▸ EXERCISE INPUTS
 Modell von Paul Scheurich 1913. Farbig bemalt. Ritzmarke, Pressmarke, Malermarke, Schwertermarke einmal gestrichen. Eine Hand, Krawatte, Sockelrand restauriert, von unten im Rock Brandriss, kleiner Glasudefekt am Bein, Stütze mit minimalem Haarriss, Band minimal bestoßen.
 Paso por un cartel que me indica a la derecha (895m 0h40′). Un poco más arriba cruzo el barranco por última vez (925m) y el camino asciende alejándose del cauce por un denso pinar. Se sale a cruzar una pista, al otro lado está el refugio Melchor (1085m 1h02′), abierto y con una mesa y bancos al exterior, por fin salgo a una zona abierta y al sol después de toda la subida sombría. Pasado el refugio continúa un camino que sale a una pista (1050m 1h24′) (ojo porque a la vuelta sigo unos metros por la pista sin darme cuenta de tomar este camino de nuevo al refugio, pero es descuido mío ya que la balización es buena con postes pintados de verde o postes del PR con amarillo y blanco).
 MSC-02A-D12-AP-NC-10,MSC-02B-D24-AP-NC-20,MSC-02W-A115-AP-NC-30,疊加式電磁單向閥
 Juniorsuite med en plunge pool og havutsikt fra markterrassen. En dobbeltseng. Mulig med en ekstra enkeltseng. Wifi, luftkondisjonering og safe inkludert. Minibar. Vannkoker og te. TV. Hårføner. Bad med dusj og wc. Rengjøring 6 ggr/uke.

==

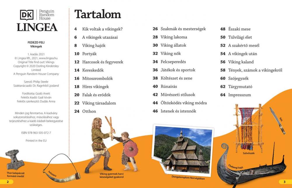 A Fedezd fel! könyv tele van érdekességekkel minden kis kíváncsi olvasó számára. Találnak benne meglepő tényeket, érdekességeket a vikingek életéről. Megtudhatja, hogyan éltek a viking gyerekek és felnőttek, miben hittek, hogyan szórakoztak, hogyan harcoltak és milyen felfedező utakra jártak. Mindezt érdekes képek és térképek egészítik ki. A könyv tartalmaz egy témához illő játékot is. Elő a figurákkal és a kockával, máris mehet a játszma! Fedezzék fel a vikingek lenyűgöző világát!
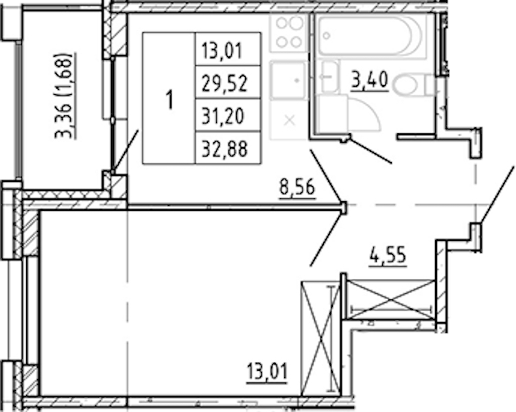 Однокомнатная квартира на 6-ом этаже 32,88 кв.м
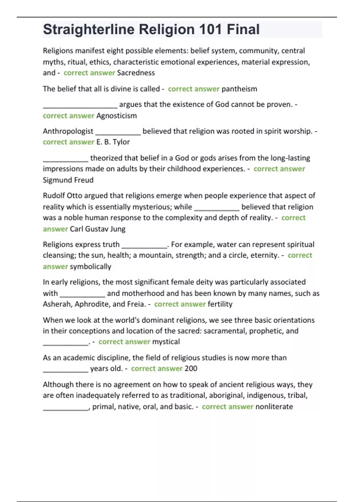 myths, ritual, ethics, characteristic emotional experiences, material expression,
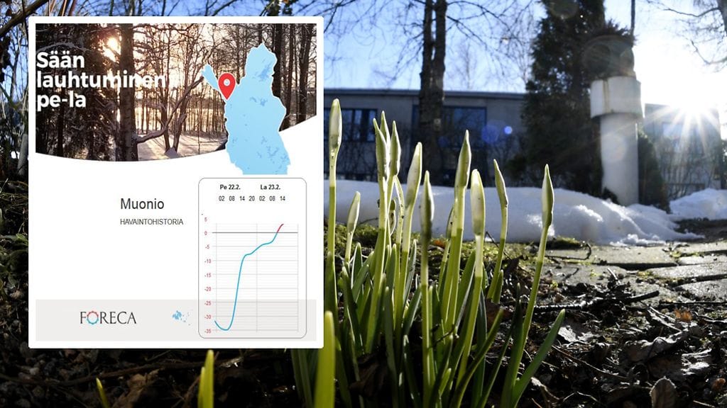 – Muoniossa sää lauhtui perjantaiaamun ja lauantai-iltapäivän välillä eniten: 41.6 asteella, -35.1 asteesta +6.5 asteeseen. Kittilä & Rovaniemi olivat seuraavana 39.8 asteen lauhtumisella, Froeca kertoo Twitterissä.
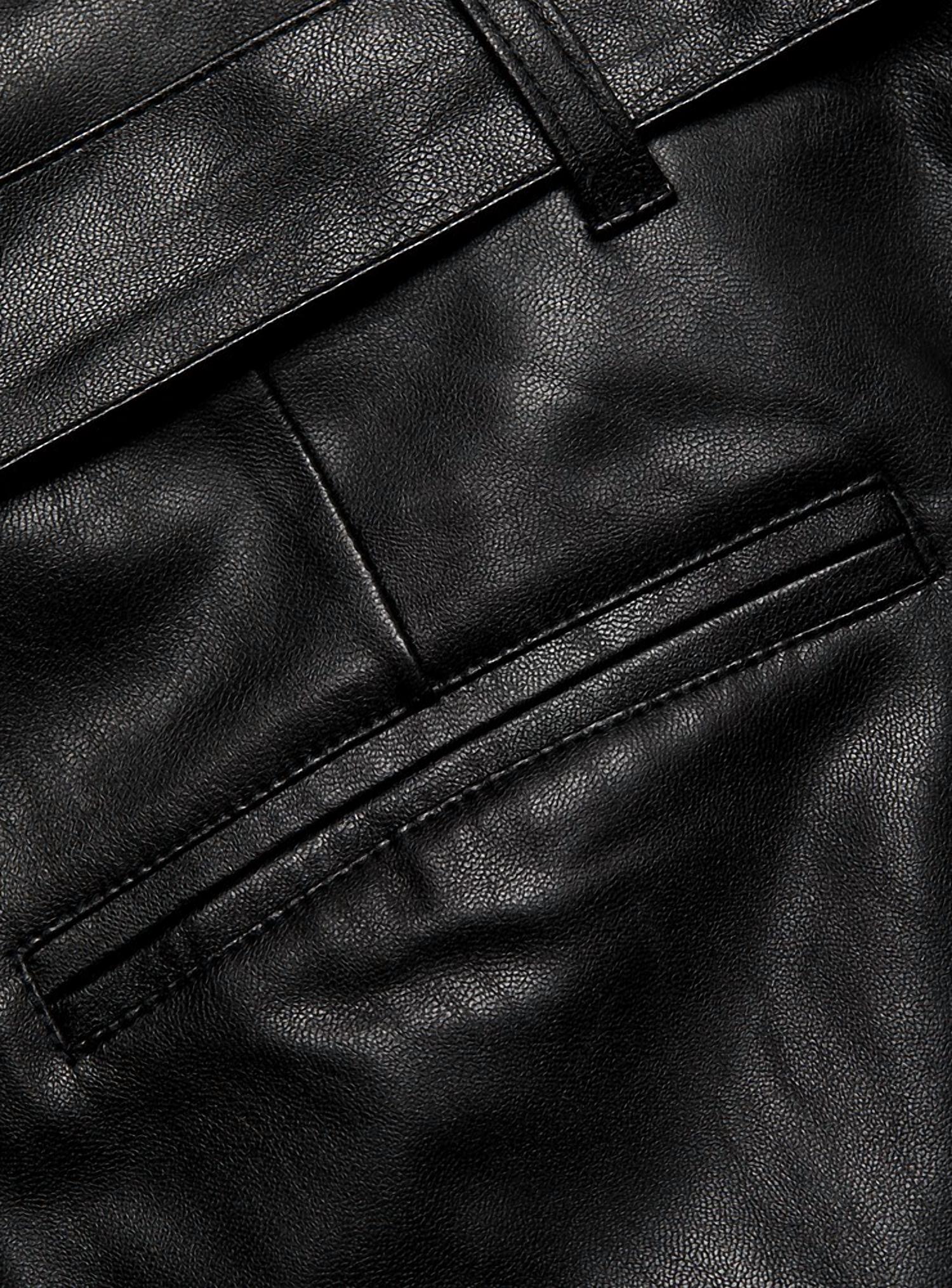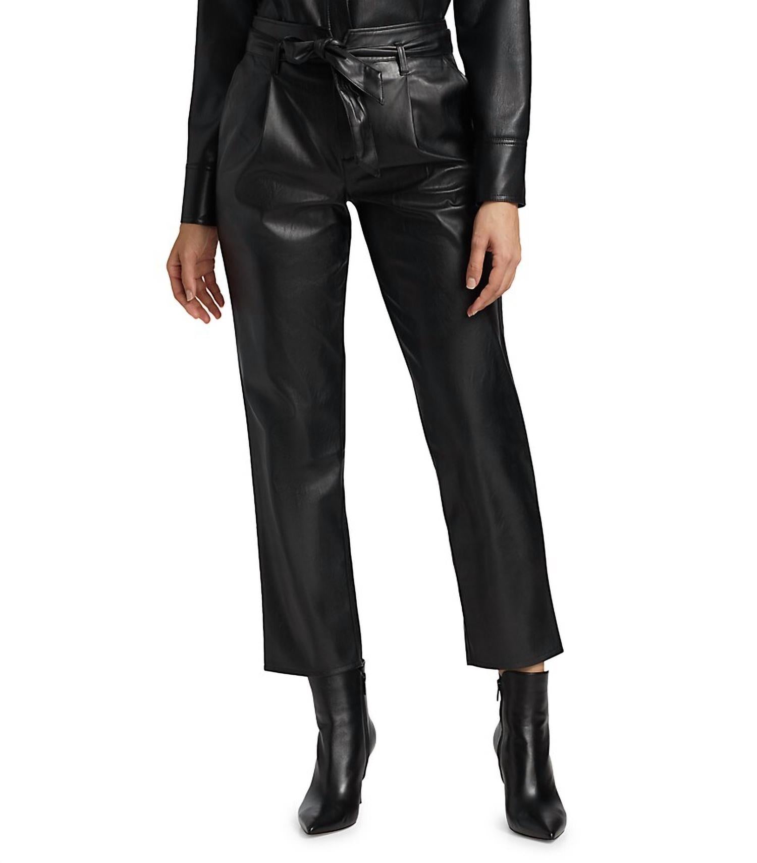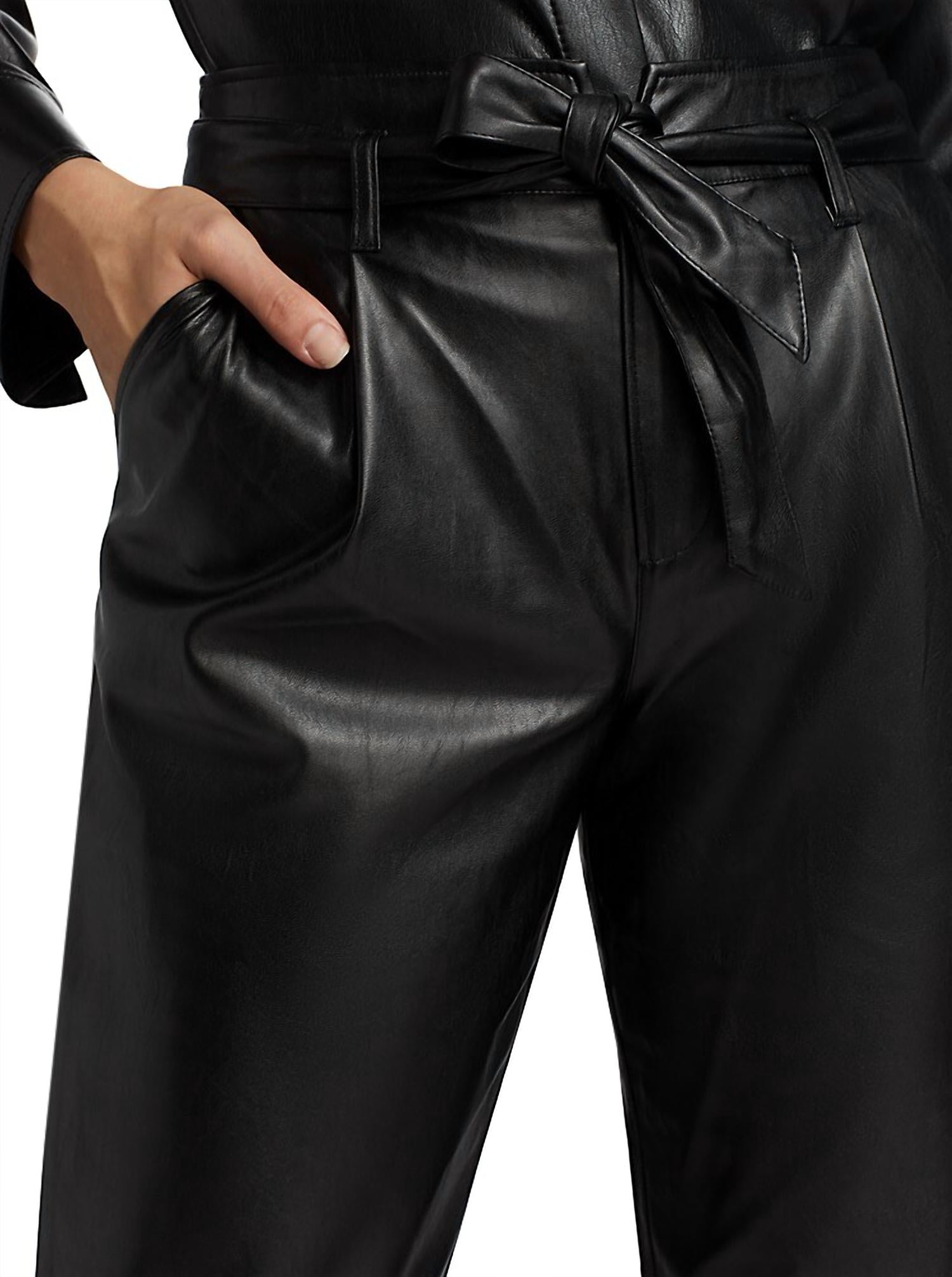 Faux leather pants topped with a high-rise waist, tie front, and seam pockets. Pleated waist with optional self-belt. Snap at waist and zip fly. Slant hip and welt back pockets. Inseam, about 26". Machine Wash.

...

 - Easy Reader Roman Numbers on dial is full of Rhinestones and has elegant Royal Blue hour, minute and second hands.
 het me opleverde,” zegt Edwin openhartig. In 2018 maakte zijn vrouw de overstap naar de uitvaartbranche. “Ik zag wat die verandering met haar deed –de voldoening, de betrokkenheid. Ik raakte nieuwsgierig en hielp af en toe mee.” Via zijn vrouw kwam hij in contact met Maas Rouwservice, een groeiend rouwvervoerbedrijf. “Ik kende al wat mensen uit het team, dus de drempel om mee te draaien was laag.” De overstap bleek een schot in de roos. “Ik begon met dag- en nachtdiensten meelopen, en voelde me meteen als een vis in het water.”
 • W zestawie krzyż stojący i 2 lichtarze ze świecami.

▸ PROBLEM
Restate word for word only the lines above from the line containing "Paso por un" to the line containing "Juniorsuite med en", both of them included.

▸ ANSWER TO THE EXERCISE
 Paso por un cartel que me indica a la derecha (895m 0h40′). Un poco más arriba cruzo el barranco por última vez (925m) y el camino asciende alejándose del cauce por un denso pinar. Se sale a cruzar una pista, al otro lado está el refugio Melchor (1085m 1h02′), abierto y con una mesa y bancos al exterior, por fin salgo a una zona abierta y al sol después de toda la subida sombría. Pasado el refugio continúa un camino que sale a una pista (1050m 1h24′) (ojo porque a la vuelta sigo unos metros por la pista sin darme cuenta de tomar este camino de nuevo al refugio, pero es descuido mío ya que la balización es buena con postes pintados de verde o postes del PR con amarillo y blanco).
 MSC-02A-D12-AP-NC-10,MSC-02B-D24-AP-NC-20,MSC-02W-A115-AP-NC-30,疊加式電磁單向閥
 Juniorsuite med en plunge pool og havutsikt fra markterrassen. En dobbeltseng. Mulig med en ekstra enkeltseng. Wifi, luftkondisjonering og safe inkludert. Minibar. Vannkoker og te. TV. Hårføner. Bad med dusj og wc. Rengjøring 6 ggr/uke.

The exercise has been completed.